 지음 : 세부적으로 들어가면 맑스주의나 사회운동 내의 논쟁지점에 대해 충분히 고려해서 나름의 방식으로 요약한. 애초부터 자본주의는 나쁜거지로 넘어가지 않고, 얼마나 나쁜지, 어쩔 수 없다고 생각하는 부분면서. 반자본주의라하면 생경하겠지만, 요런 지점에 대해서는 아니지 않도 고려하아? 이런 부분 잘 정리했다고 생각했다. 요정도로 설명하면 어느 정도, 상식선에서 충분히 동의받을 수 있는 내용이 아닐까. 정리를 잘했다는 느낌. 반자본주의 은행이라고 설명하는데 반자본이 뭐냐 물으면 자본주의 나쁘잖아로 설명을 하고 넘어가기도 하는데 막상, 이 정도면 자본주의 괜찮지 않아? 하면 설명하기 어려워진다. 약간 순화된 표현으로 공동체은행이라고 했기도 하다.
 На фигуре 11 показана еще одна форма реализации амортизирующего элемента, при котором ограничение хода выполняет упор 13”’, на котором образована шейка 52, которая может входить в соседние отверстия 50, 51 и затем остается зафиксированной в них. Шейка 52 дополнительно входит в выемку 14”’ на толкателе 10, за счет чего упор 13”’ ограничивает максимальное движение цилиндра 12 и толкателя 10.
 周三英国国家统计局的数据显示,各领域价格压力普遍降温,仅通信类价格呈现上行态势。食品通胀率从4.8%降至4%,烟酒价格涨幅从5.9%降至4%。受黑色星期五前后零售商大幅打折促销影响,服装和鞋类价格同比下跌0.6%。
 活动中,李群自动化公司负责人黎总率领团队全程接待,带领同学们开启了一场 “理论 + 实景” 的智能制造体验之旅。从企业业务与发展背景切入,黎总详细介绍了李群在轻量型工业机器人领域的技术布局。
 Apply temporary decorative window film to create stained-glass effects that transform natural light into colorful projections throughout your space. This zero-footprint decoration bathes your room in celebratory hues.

What the task requires: Set down every entry again, exactly as written.

Response area:
 지음 : 세부적으로 들어가면 맑스주의나 사회운동 내의 논쟁지점에 대해 충분히 고려해서 나름의 방식으로 요약한. 애초부터 자본주의는 나쁜거지로 넘어가지 않고, 얼마나 나쁜지, 어쩔 수 없다고 생각하는 부분면서. 반자본주의라하면 생경하겠지만, 요런 지점에 대해서는 아니지 않도 고려하아? 이런 부분 잘 정리했다고 생각했다. 요정도로 설명하면 어느 정도, 상식선에서 충분히 동의받을 수 있는 내용이 아닐까. 정리를 잘했다는 느낌. 반자본주의 은행이라고 설명하는데 반자본이 뭐냐 물으면 자본주의 나쁘잖아로 설명을 하고 넘어가기도 하는데 막상, 이 정도면 자본주의 괜찮지 않아? 하면 설명하기 어려워진다. 약간 순화된 표현으로 공동체은행이라고 했기도 하다.
 На фигуре 11 показана еще одна форма реализации амортизирующего элемента, при котором ограничение хода выполняет упор 13”’, на котором образована шейка 52, которая может входить в соседние отверстия 50, 51 и затем остается зафиксированной в них. Шейка 52 дополнительно входит в выемку 14”’ на толкателе 10, за счет чего упор 13”’ ограничивает максимальное движение цилиндра 12 и толкателя 10.
 周三英国国家统计局的数据显示,各领域价格压力普遍降温,仅通信类价格呈现上行态势。食品通胀率从4.8%降至4%,烟酒价格涨幅从5.9%降至4%。受黑色星期五前后零售商大幅打折促销影响,服装和鞋类价格同比下跌0.6%。
 活动中,李群自动化公司负责人黎总率领团队全程接待,带领同学们开启了一场 “理论 + 实景” 的智能制造体验之旅。从企业业务与发展背景切入,黎总详细介绍了李群在轻量型工业机器人领域的技术布局。
 Apply temporary decorative window film to create stained-glass effects that transform natural light into colorful projections throughout your space. This zero-footprint decoration bathes your room in celebratory hues.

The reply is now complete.